Collection entries
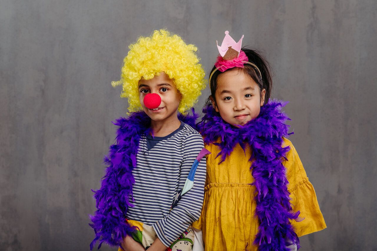 يمكنك اعتماد ملابس تنكرية للأطفال أو ملابس عرض مرحة، تتسم بالألوان الزاهية والأنماط المتعددة. إليكِ شرحاً مفصلاً لملابس طفليكِ:
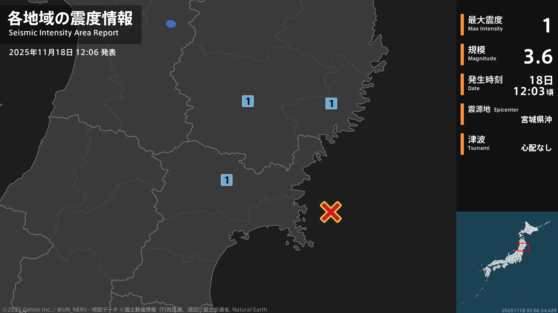【地震情報 2025年11月18日】12時3分頃、宮城県沖を震源とする地震がありました。震源の深さは約60km、地震の規模はM3.6、最大震度1を岩手県、宮城県で観測しています。この地震による津波の心配はありません。#地震 #岩手県 #宮城県
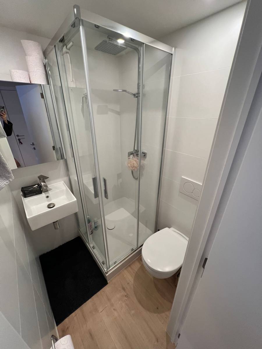 In dit gebouw vind je acht moderne studio’s van 18 m² tot 40 m², elk uitgerust met een eigen badkamer met douche, toilet en wastafel.
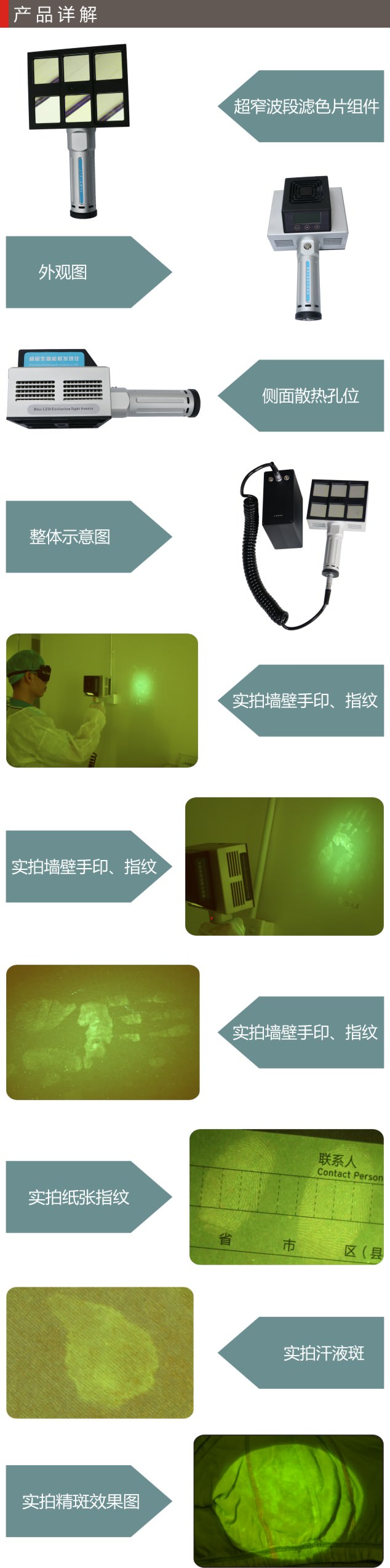 產品用途:超級物證發(fā)現(xiàn)儀,用于現(xiàn)場大范圍搜索精斑、尿液斑、唾液、陰道分泌物、血斑等生物檢材(不破壞DNA)及纖維、脫落細胞、骨骼牙齒碎片、油漆碎片、潛在手印、射擊殘留物等物證,也可以無損直接顯現(xiàn)部分客體上的手印指紋,潛在痕跡搜索,纖維,茚三酮/DFO羅丹明等處理過熒光染色等,大大提高現(xiàn)場物證發(fā)現(xiàn)提取率和區(qū)別能力。
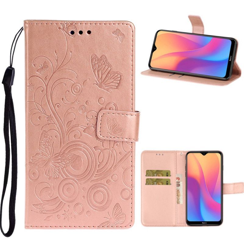 δερματινη Κάλυμμα Xiaomi Redmi 8A Μωβ Ανοιχτό Πολύχρωμες Πεταλούδες Και Λουλούδια Πρωτότυπος
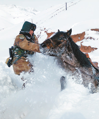 新疆克孜勒蘇軍分區(qū)玉其塔什巡邏小分隊(duì)官兵蹚著齊腰深的大雪巡邏。劉 慎攝(人民視覺)
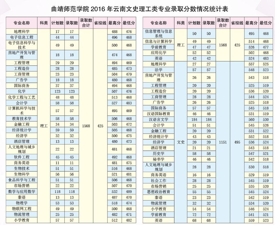 曲靖師范學(xué)院2016年云南文史理工類專業(yè)錄取分?jǐn)?shù)情況統(tǒng)計表
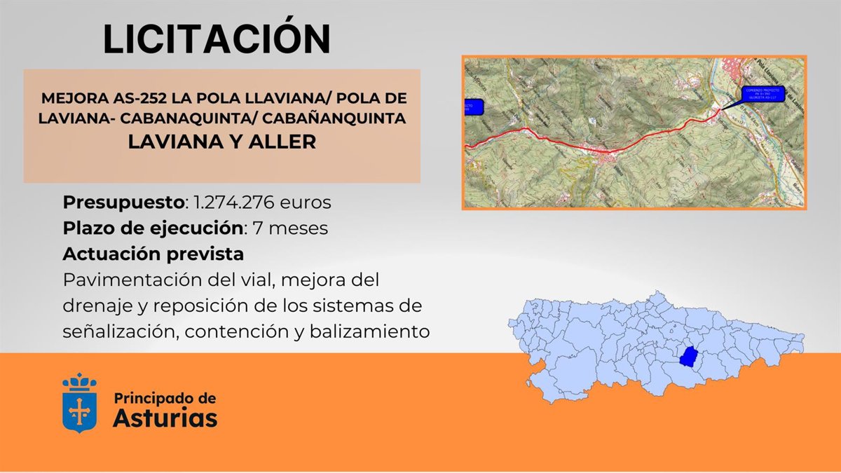 OVIEDO 26 Jun. (EUROPA PRESS) - El Gobierno de Asturias ha licitado las obras de mejora de la carretera AS-252 (Pola Llaviana/ Pola de Laviana y Cabanaquinta/Cabañaquinta), a su paso por el concejo de Laviana, en un precio máximo de 1.274.276 euros. La actuación cuenta con un plazo de ejecución de 7 meses y las empresas interesadas pueden presentar sus ofertas hasta el próximo 23 de julio.
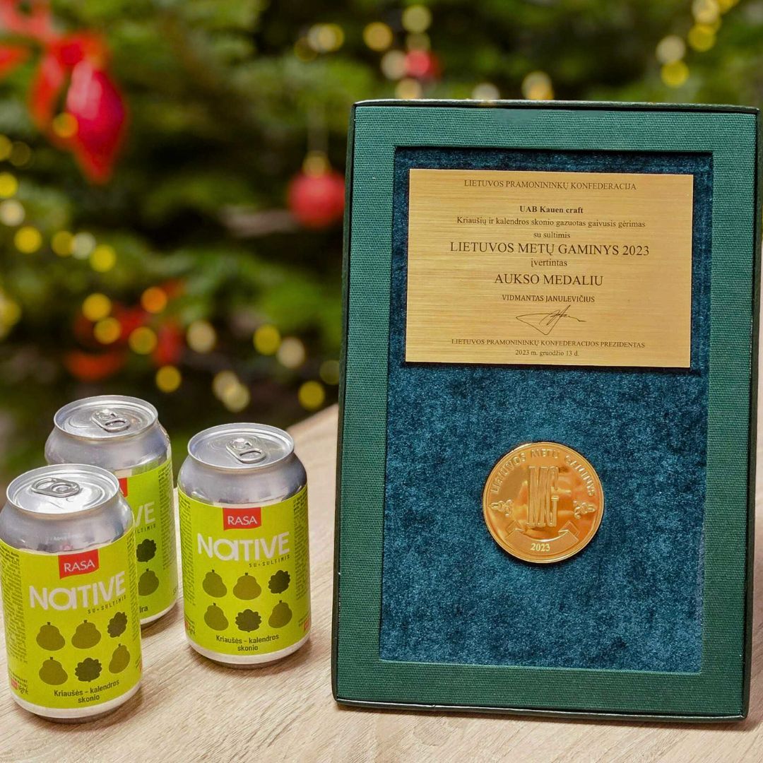 We are delighted to announce that our pear and coriander flavored drink, RASA Native, has been awarded the prestigious gold medal at the 2023 Lithuanian Product of the Year Awards! This recognition is a testament to our unwavering commitment to producing high-quality, innovative beverages that our customers love.
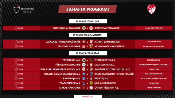 Türkiye Futbol Federasyonu (TFF), Süper Lig’in son haftası olan 38. Haftanın programını açıkladı.
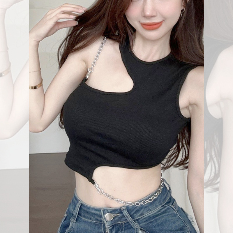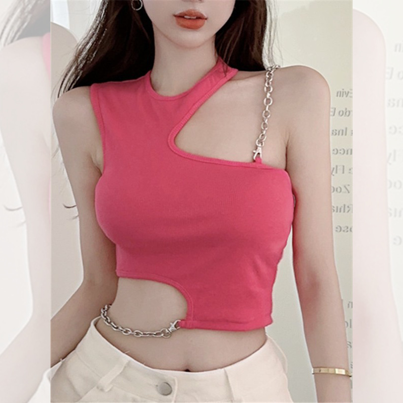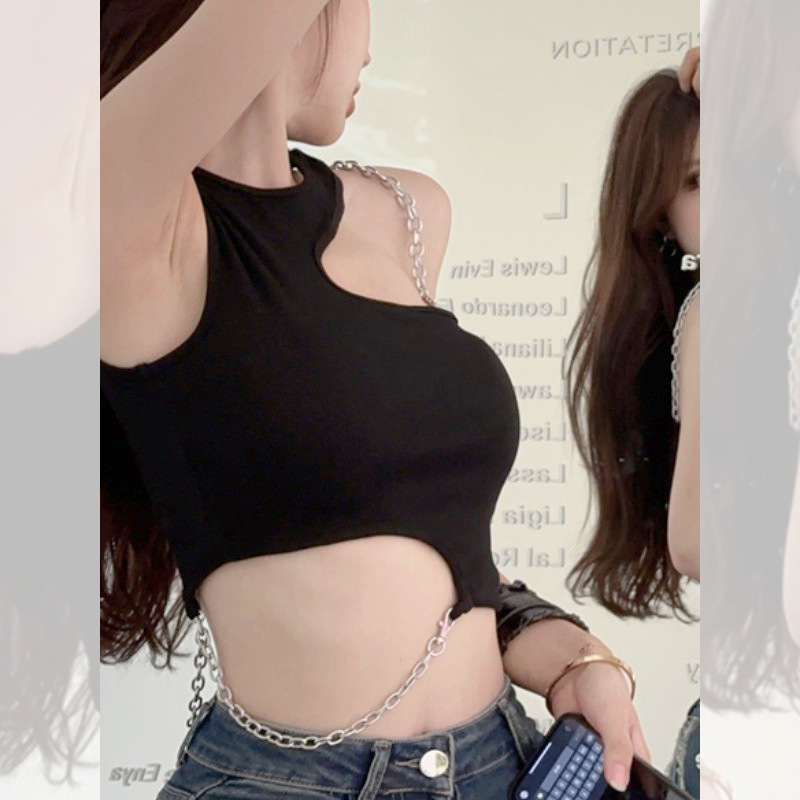 【月销10万】甜辣风不规则设计感链条显白露脐美背背心外穿上衣

» **Try it**: Could you set down every entry above exactly as it stands, with no images?

» **Written solution**:
 يمكنك اعتماد ملابس تنكرية للأطفال أو ملابس عرض مرحة، تتسم بالألوان الزاهية والأنماط المتعددة. إليكِ شرحاً مفصلاً لملابس طفليكِ:
【地震情報 2025年11月18日】12時3分頃、宮城県沖を震源とする地震がありました。震源の深さは約60km、地震の規模はM3.6、最大震度1を岩手県、宮城県で観測しています。この地震による津波の心配はありません。#地震 #岩手県 #宮城県
 In dit gebouw vind je acht moderne studio’s van 18 m² tot 40 m², elk uitgerust met een eigen badkamer met douche, toilet en wastafel.
 產品用途:超級物證發(fā)現(xiàn)儀,用于現(xiàn)場大范圍搜索精斑、尿液斑、唾液、陰道分泌物、血斑等生物檢材(不破壞DNA)及纖維、脫落細胞、骨骼牙齒碎片、油漆碎片、潛在手印、射擊殘留物等物證,也可以無損直接顯現(xiàn)部分客體上的手印指紋,潛在痕跡搜索,纖維,茚三酮/DFO羅丹明等處理過熒光染色等,大大提高現(xiàn)場物證發(fā)現(xiàn)提取率和區(qū)別能力。
 δερματινη Κάλυμμα Xiaomi Redmi 8A Μωβ Ανοιχτό Πολύχρωμες Πεταλούδες Και Λουλούδια Πρωτότυπος
 新疆克孜勒蘇軍分區(qū)玉其塔什巡邏小分隊(duì)官兵蹚著齊腰深的大雪巡邏。劉 慎攝(人民視覺)
 曲靖師范學(xué)院2016年云南文史理工類專業(yè)錄取分?jǐn)?shù)情況統(tǒng)計表
 OVIEDO 26 Jun. (EUROPA PRESS) - El Gobierno de Asturias ha licitado las obras de mejora de la carretera AS-252 (Pola Llaviana/ Pola de Laviana y Cabanaquinta/Cabañaquinta), a su paso por el concejo de Laviana, en un precio máximo de 1.274.276 euros. La actuación cuenta con un plazo de ejecución de 7 meses y las empresas interesadas pueden presentar sus ofertas hasta el próximo 23 de julio.
 We are delighted to announce that our pear and coriander flavored drink, RASA Native, has been awarded the prestigious gold medal at the 2023 Lithuanian Product of the Year Awards! This recognition is a testament to our unwavering commitment to producing high-quality, innovative beverages that our customers love.
 Türkiye Futbol Federasyonu (TFF), Süper Lig’in son haftası olan 38. Haftanın programını açıkladı.
 【月销10万】甜辣风不规则设计感链条显白露脐美背背心外穿上衣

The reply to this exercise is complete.